[WHAT IS BEING ASKED]
Exactly as written, output each of the lines below, with no images.

[SUPPLIED INFORMATION]
────────────────
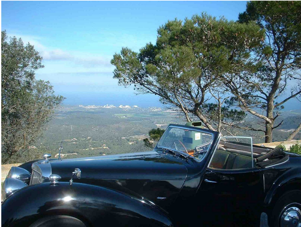
Still on the top with Porto Colom in the background
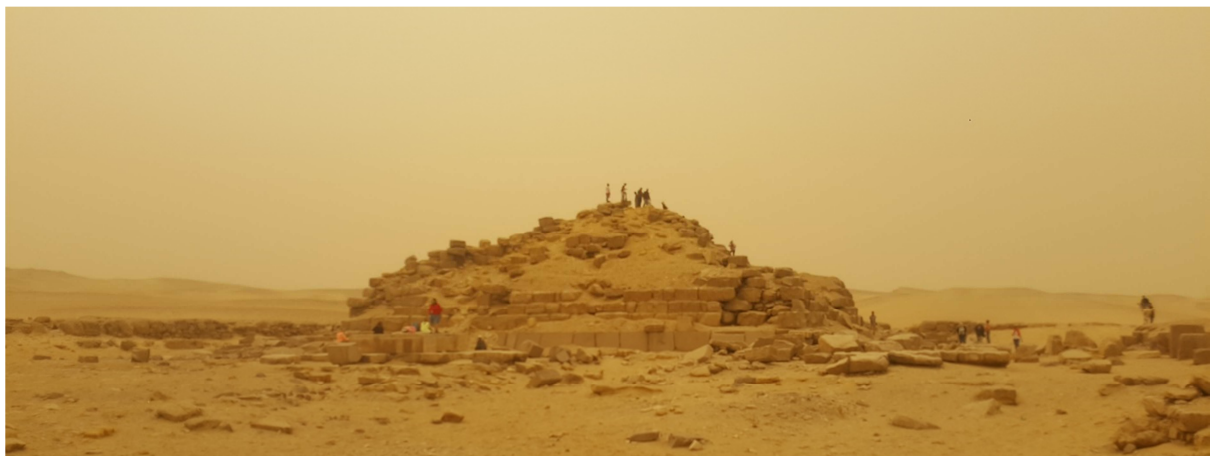
This is what is left from the base; the obelisk is no longer there
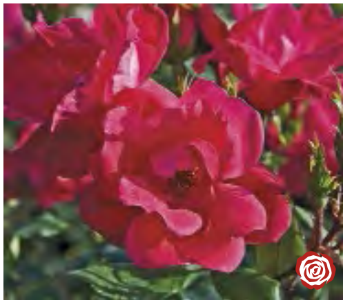
KNOCK OUT® ROSE Shrub

The double cherry red blooms have a more traditional form than the blooms of the original Knock Out. The bush has the same excellent black spot resistance as the original but is slightly more winter hardy. Height/Habit: 3-4' h x 3-4' w; Bushy, rounded Bloom/Petals: Medium-small; 15-20 Foliage: Deep purplish green Fragrance: None
────────────────
[SOLUTION TO THE EXERCISE]
Still on the top with Porto Colom in the background
This is what is left from the base; the obelisk is no longer there
KNOCK OUT® ROSE Shrub

The double cherry red blooms have a more traditional form than the blooms of the original Knock Out. The bush has the same excellent black spot resistance as the original but is slightly more winter hardy. Height/Habit: 3-4' h x 3-4' w; Bushy, rounded Bloom/Petals: Medium-small; 15-20 Foliage: Deep purplish green Fragrance: None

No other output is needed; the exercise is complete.